- **Problem to work on**
Please repeat exactly the lines from the one containing "mysql> explain select" through the last line of the records, both included, and nothing else, leaving out any pictures.

- **Information shown**
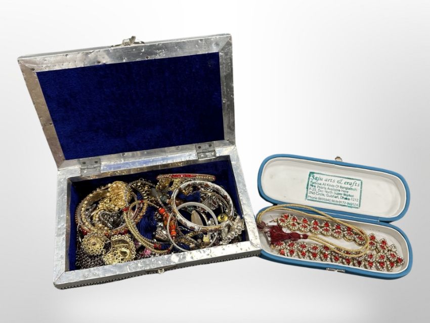 A decorative eastern jewellery box containing costume necklaces, bangles, dress ring etc
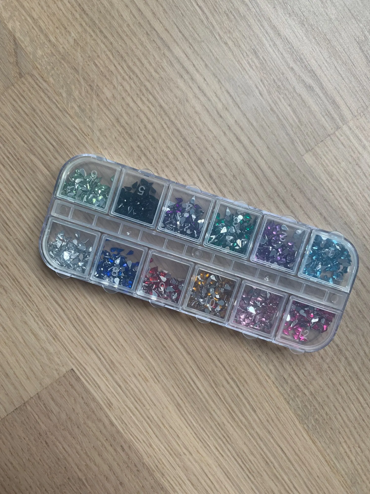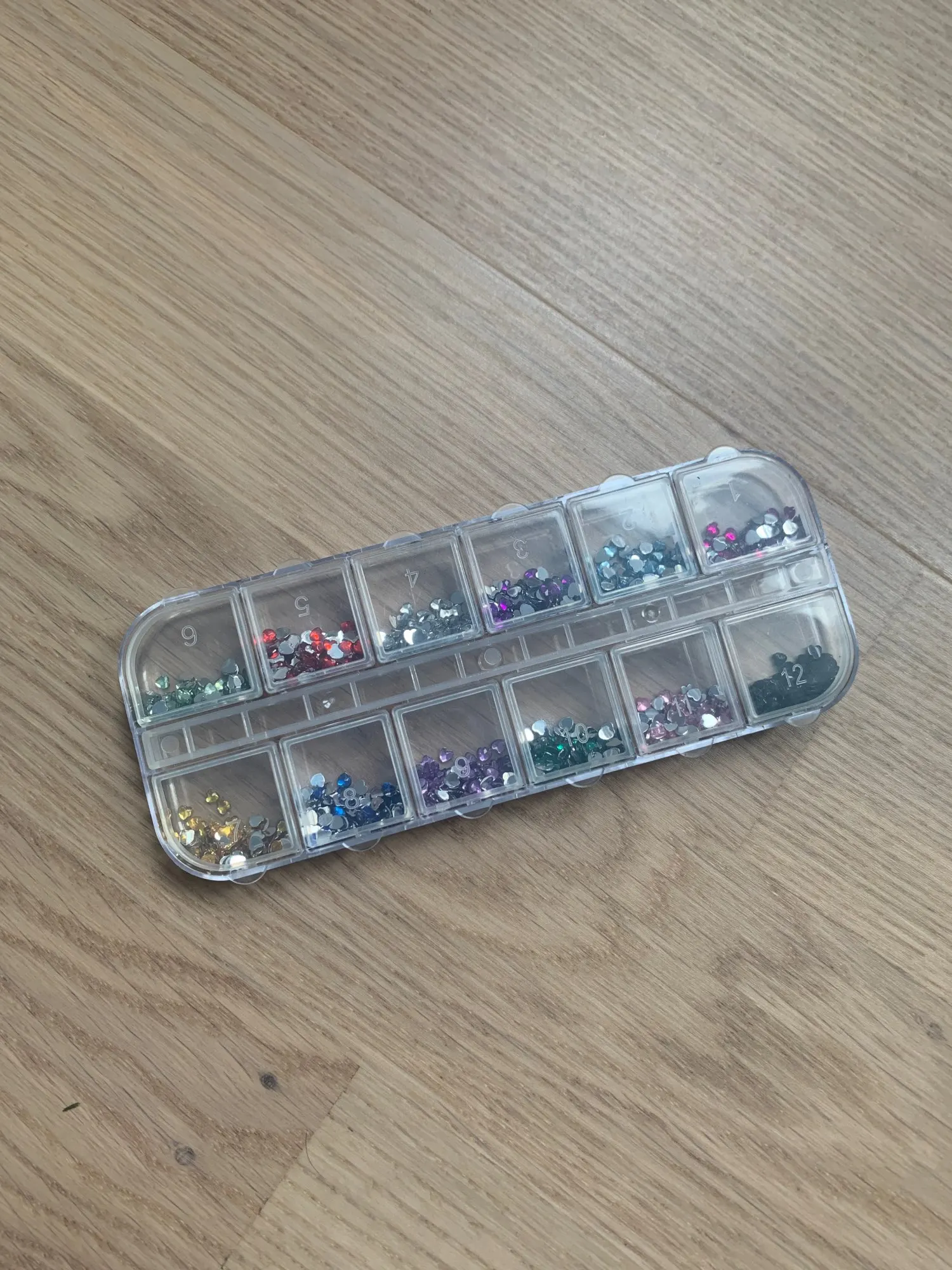 Majority of the rhinestones had a silver metallic coat on them. Sort of blocking the colour.
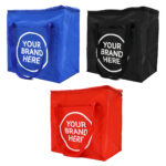 Whether you're enjoying the sunshine with a picnic, or keeping your groceries safe, this Insulated Cooler Bag includes a front pocket and is a branding essential! This personalised product will ensure premium space for your client's branding as well as temperature control to keep food fresh. To order a sample of this branded bag, give us a call today! This bag is 210D polyester. Screen printing on black bags requires a white base to be printed, then your chosen artwork on top. An initial setup, repeat set up and additional colour charge is applicable.
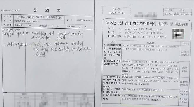 | ▲ 입주자 대표회의 회의록과 회의결과 공지, 승강기와 관련한 내용이 다르다. |
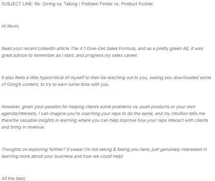 It also feels a little hypocritical of myself to then be reaching out to you, seeing you downloaded some of Gong’s content, to try to earn some time with you.
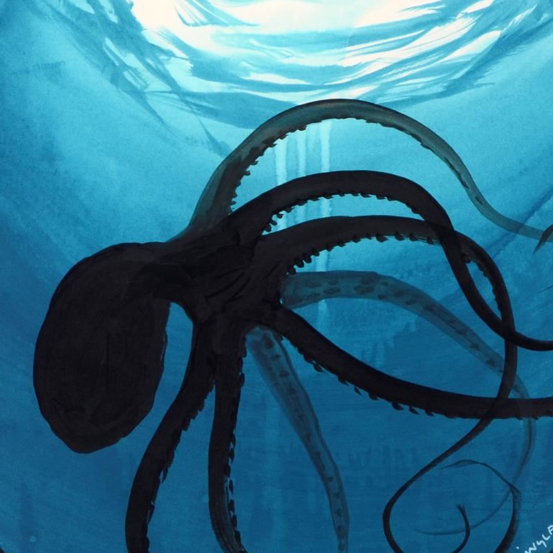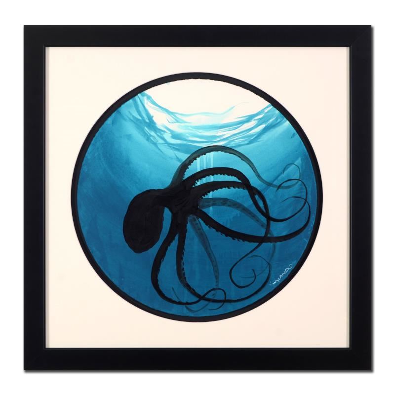 "Octopus" is an original watercolor painting on round cut deckle edge paper by Wyland, hand signed by the artist. This piece is custom framed. Includes Certificate of Authenticity. Measures approx. 28.5" x 28.5" (frame), 19" (image diameter).
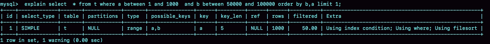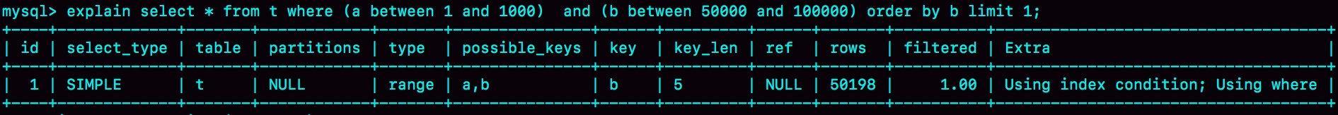 mysql> explain select * from t where (a between 1 and 1000) and (b between 50000 and 100000) order by b limit 1;
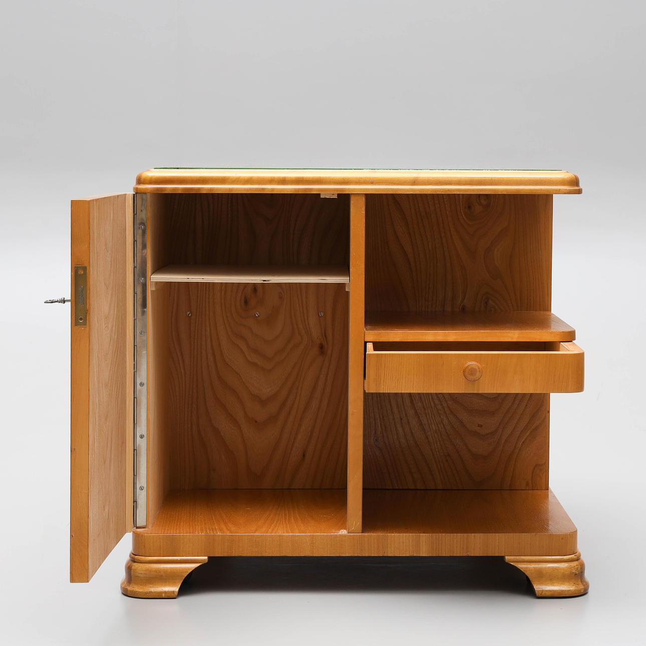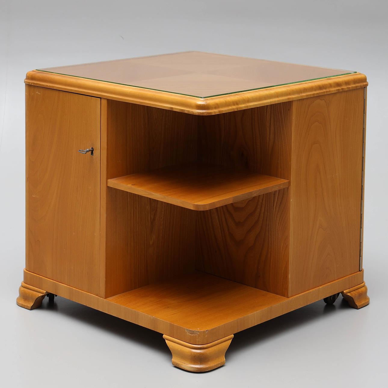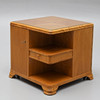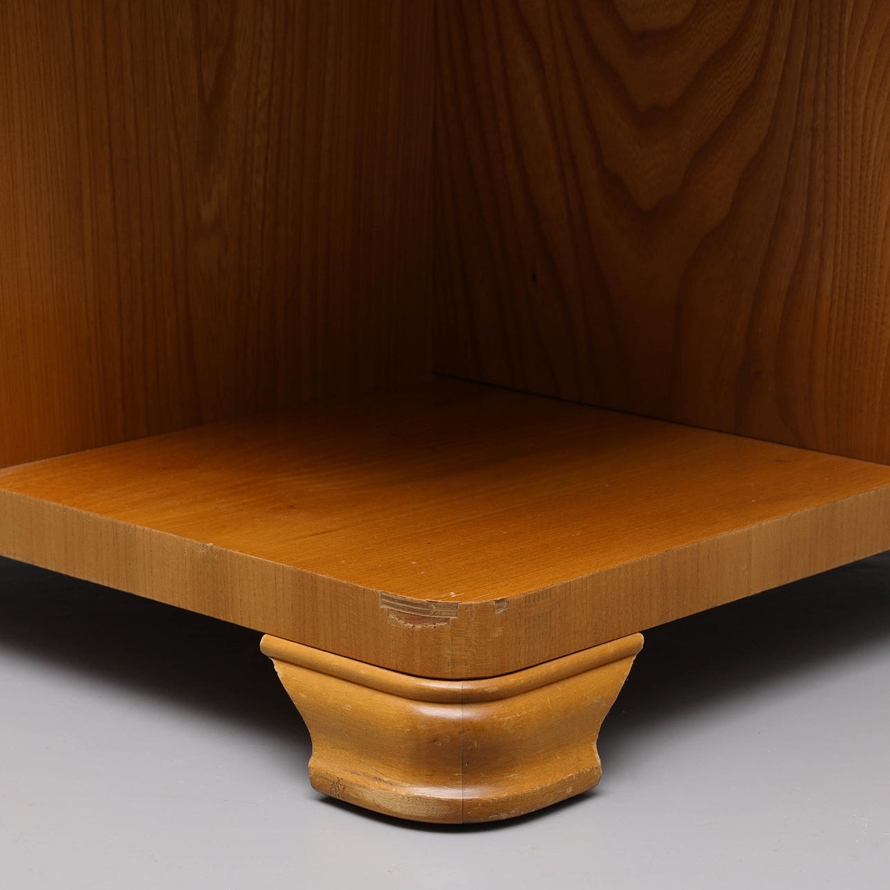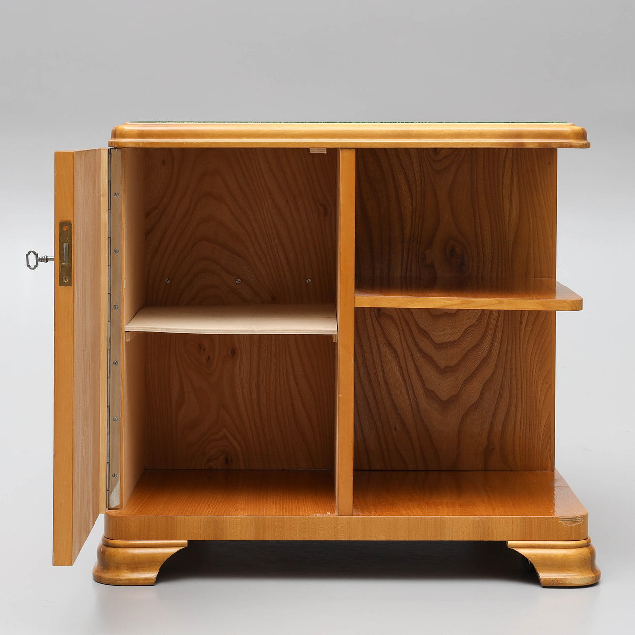 Rygebord med hylder og skabe.

- **Reply**
 mysql> explain select * from t where (a between 1 and 1000) and (b between 50000 and 100000) order by b limit 1;
 Rygebord med hylder og skabe.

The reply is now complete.